When the Estonian government on 27 June approved the privatisation deal for the country's two main power plants, it brought to an end an epic that began in the mid-1990s. NRG Energy, a division of the Minnesota-based Northern States Power, won the right to a 49 per cent minority stake in the two power plants that provide about 90 per cent of Estonia's electricity.

Many never believed the deal would ever be concluded. At times, it appeared to fall victim to unscrupulous businessmen, misinformed politicians and foreign interests, all trying to affect the deal one way or the other. It was the focal point of immense domestic and foreign intrigue, the likes of which Estonia has not seen since the days of negotiating Russian troop withdrawal in 1994.

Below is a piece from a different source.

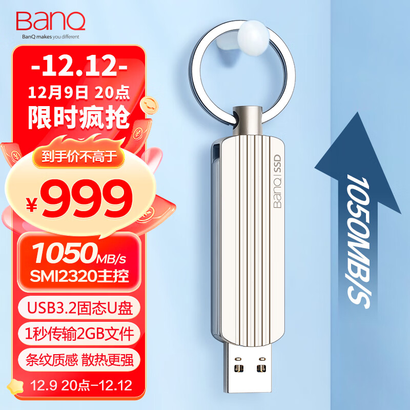 banq 2TB USB3.2 Gen2超极速固态U盘 A8全金属SSD移动固态闪存优盘 读1050MB/s 写950MB/s PCIe3.0高速协议价格:999.00元!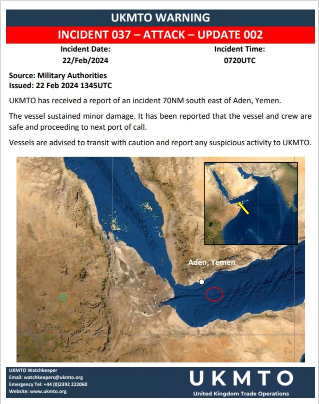 كشفت هيئة عمليات التجارة البحرية البريطانية، عن تعرض سفينة لهجوم على بعد 70 ميلًا بحريًا جنوب شرقي عدن اليمنية.

Ever since letters of intent were signed between various officials from all sides of the deal - beginning in 1996 - the talks have stumbled and collapsed on several occasions. However, the two sides entered accelerated talks for the privatisation deal following the March 1999 general elections. The new government, headed by Prime Minister Mart Laar, kept then outgoing transport minister Raivo Vare as the chief negotiator with NRG - despite the possible conflict of interests as Vare moved into an executive position at the oil transit firm Pakterminal. A timetable was set for talks to conclude by the latter part of the year, and both sides finally became cautiously optimistic.

Foreign intrigue

At this point, foreign interest remained high in the talks. However, unlike the deal for the Mažeikių nafta oil complex in Lithuania, which involved another US company, Williams International, the intrigues were less Cold War and more Banana War, pitting the US against the EU. Certain neighbourly EU countries have all but suggested that the deal with NRG would turn into a speed bump on Estonia's road to EU membership, saying that the origins of the deal failed to follow competition norms.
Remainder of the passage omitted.